(LISTED ENTRIES)

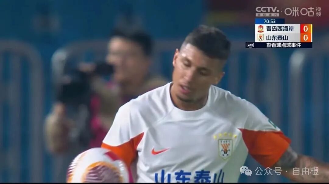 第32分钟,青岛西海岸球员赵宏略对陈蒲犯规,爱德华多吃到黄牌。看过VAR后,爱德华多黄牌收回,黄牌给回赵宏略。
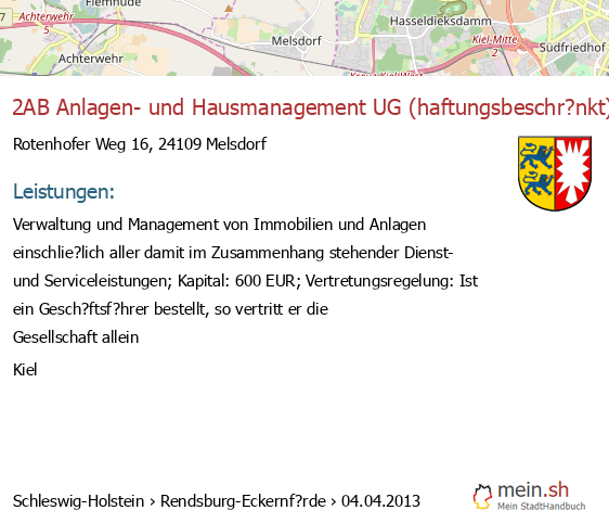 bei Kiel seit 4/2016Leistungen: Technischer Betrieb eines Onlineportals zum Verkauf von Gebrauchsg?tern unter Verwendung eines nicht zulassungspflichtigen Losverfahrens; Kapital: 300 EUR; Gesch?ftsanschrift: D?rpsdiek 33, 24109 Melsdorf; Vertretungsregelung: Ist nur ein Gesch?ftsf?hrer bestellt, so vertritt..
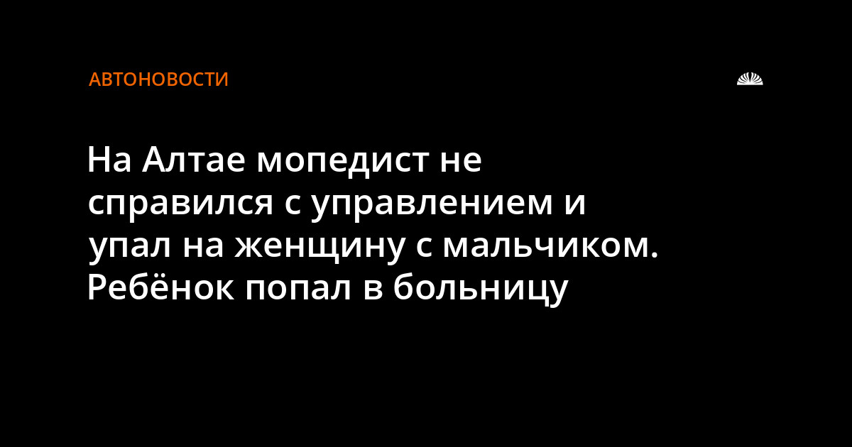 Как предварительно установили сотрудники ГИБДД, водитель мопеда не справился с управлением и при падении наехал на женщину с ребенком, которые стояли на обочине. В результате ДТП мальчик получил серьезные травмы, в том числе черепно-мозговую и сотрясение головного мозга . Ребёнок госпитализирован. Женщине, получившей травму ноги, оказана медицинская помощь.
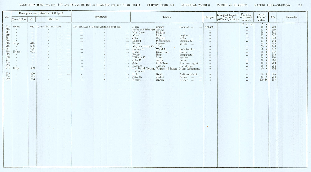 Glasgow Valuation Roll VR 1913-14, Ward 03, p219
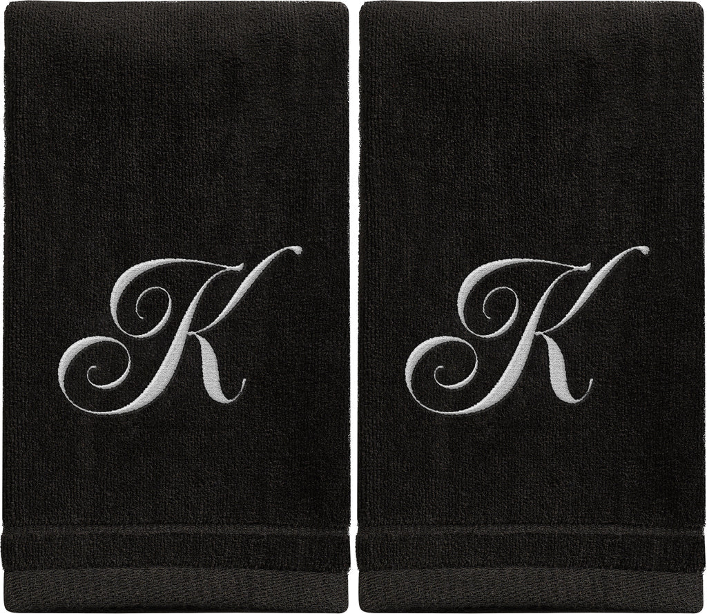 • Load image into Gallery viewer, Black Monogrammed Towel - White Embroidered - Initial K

(End LISTED ENTRIES)
(LISTED ENTRIES)

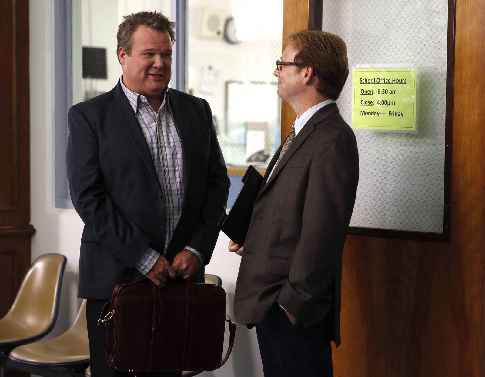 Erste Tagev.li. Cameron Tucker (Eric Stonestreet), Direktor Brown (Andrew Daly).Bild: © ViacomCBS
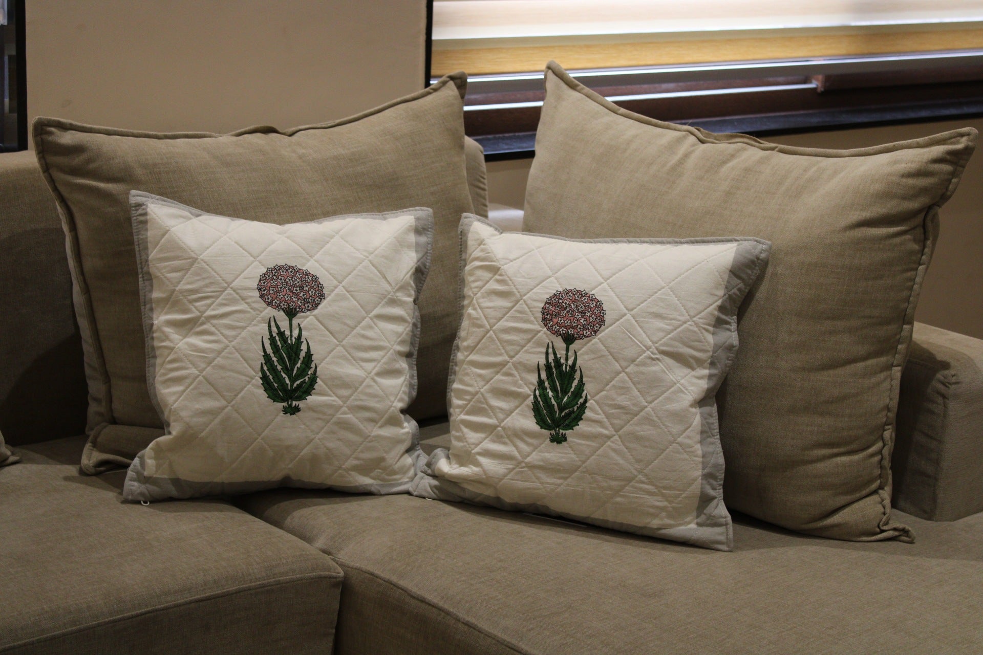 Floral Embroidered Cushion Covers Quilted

(End LISTED ENTRIES)
(LISTED ENTRIES)

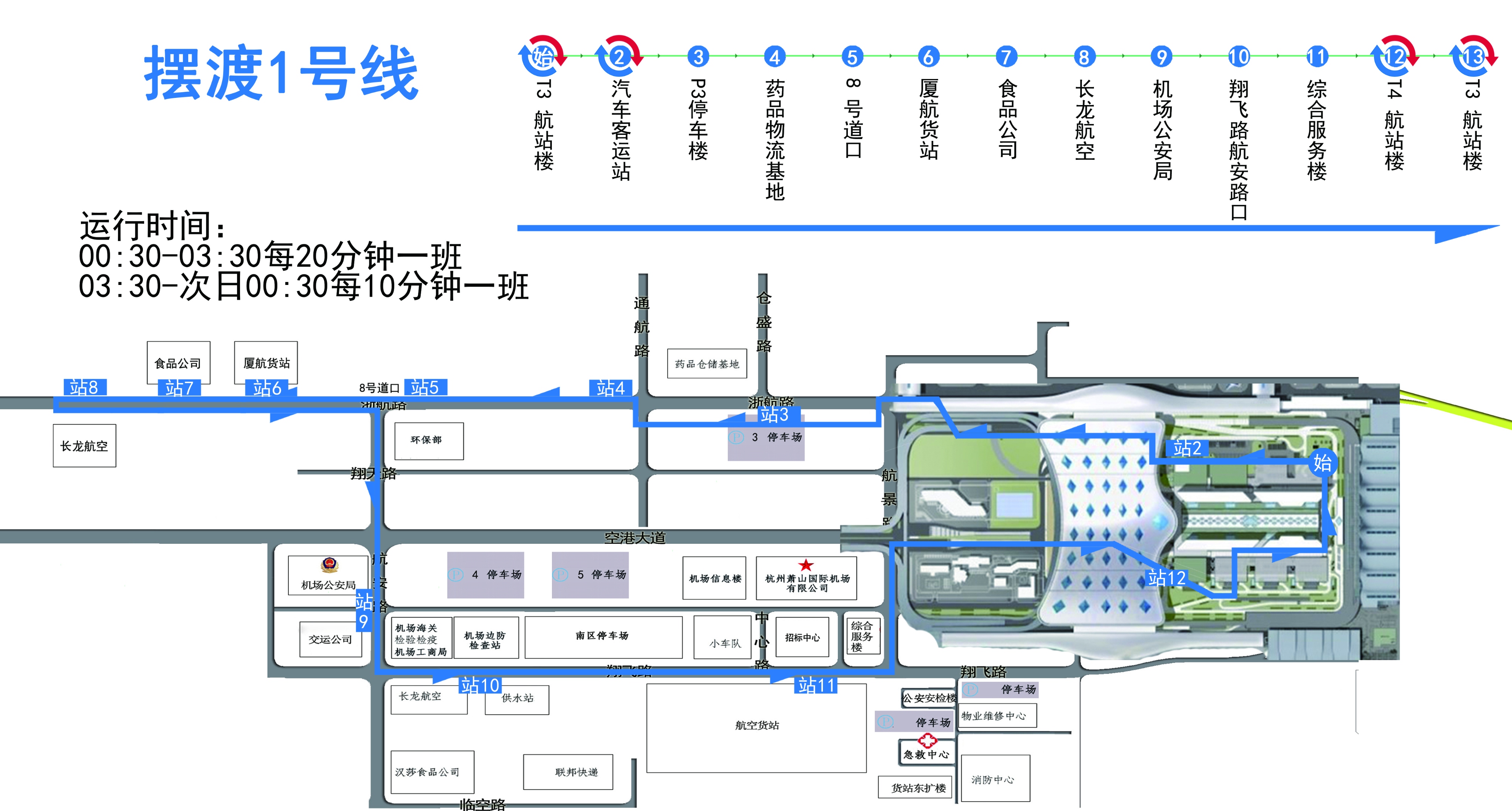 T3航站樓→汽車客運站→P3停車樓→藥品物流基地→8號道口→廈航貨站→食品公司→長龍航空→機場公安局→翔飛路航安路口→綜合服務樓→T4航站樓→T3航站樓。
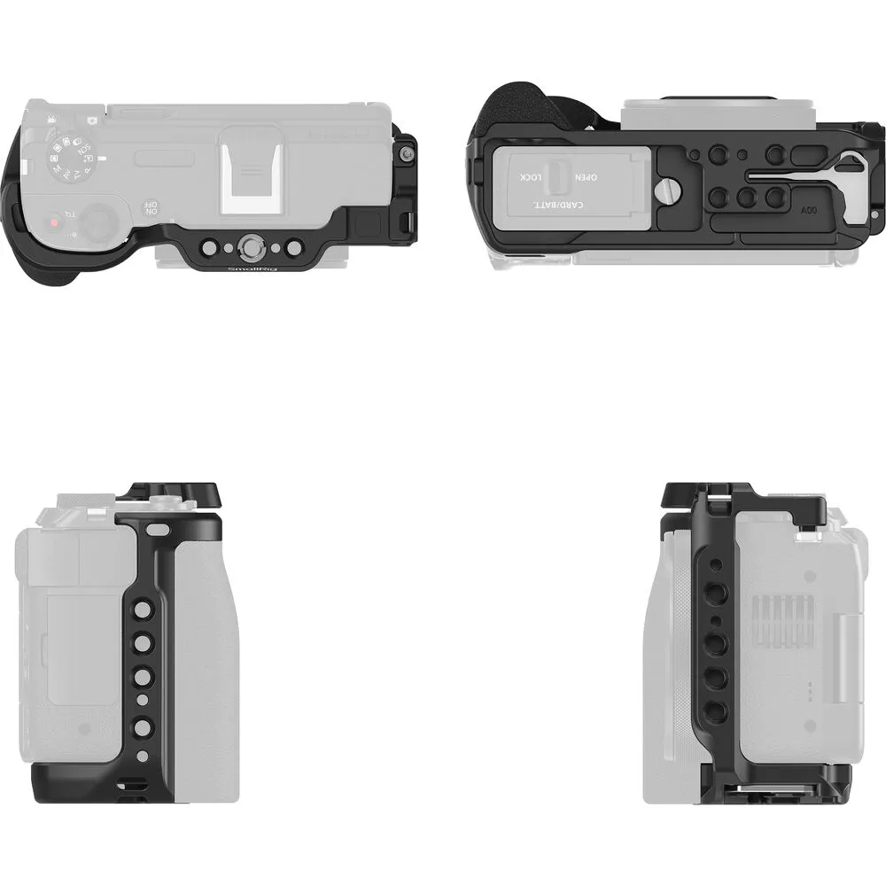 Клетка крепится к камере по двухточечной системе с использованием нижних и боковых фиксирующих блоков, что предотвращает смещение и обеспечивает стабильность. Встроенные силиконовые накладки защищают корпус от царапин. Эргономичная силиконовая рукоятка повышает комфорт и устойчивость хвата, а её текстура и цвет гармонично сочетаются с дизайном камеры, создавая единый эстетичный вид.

(End LISTED ENTRIES)

● TO DO: From the records above, extract the lines from the one holding "Glasgow Valuation Roll" through the one holding "- Initial K", word for word; omit the pictures.

● ANSWER BOX:
 Glasgow Valuation Roll VR 1913-14, Ward 03, p219
 • Load image into Gallery viewer, Black Monogrammed Towel - White Embroidered - Initial K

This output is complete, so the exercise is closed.